Die Wirkungsmächtigkeit der Reformation wird bei uns im Osten nicht wirklich wahrgenommen. Doch auch wenn 40 Jahre DDR es uns vergessen ließen: Die Reformation und der Protestantismus haben unsere Kultur und Identität grundlegend beeinflusst und geformt. Das gesamte private und öffentliche Zusammenleben, die gesellschaftlichen Strukturen, das Wirtschaftshandeln, die kulturellen Wahrnehmungsmuster und Mentalitäten, die Rechtsauffassung, Wissenschaftskonzepte und künstlerischen Ausdrucksformen wurden durch sie geprägt.

Auch wenn es sich für Atheisten lapidar anhört: Mit der Reformation wurde das Verhältnis des Menschen zu Gott, zur Welt und zu sich selbst völlig neu bestimmt. Nicht umsonst definiert man daher den Beginn der Moderne in der Reformation.

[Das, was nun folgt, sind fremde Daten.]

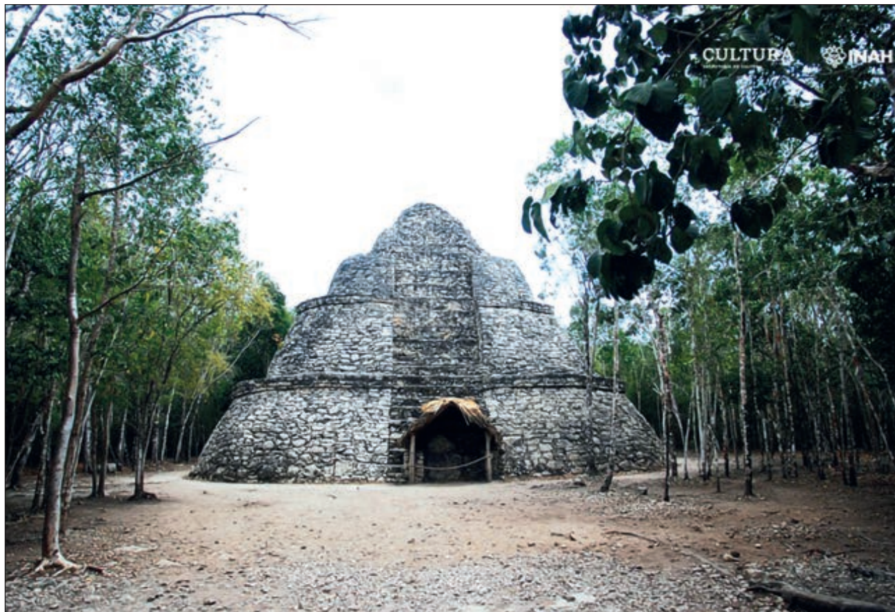
▲ Pese a los nuevos hallazgos dinásticos del sitio, aún no se ha develado por completo la historia antigua de Cobá. Los arqueólogos refieren que sólo ha sido explorado uno por ciento de la urbe maya.

“El uso de los puntos suspensivos indica que existe una porción del nombre que no podemos leer; mientras que a los cinco soberanos cuyo antropónimo desconocemos, se les designa con una letra mayúscula: A, B, C, D y E”, explica el especialista.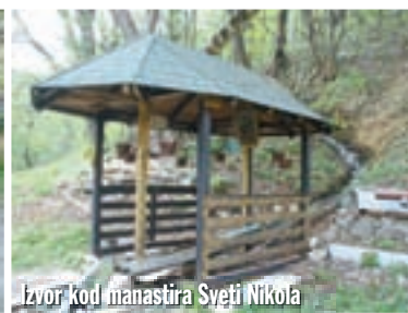
Izvor kod manastira Sveti Nikola

(Zuruf des Abg. Jürgen Gansel, NDP)

Dies ist auch der Bezugspunkt, weshalb wir GRÜNEN die Förderung der Lutherdekade und des Reformationsjubiläums durch den Freistaat unterstützen. Für uns ist dies keine verdeckte Kirchenfinanzierung oder Ausdruck ungenügender Trennung zwischen Staat und Kirche. Wir sehen es als eine lohnende und unterstützenswerte Aufgabe an, nach der Relevanz der Reformation und des Protestantismus in unserer heutigen Zeit zu fragen und die Ambivalenz protestantischer Überzeugungen zu thematisieren, die nach meiner Auffassung wohl in ihrer tragischsten Form zur Zeit des Nationalsozialismus zum Ausdruck kam, als sich die evangelische Kirche in Deutsche Christen und Bekennende Kirche aufspaltete.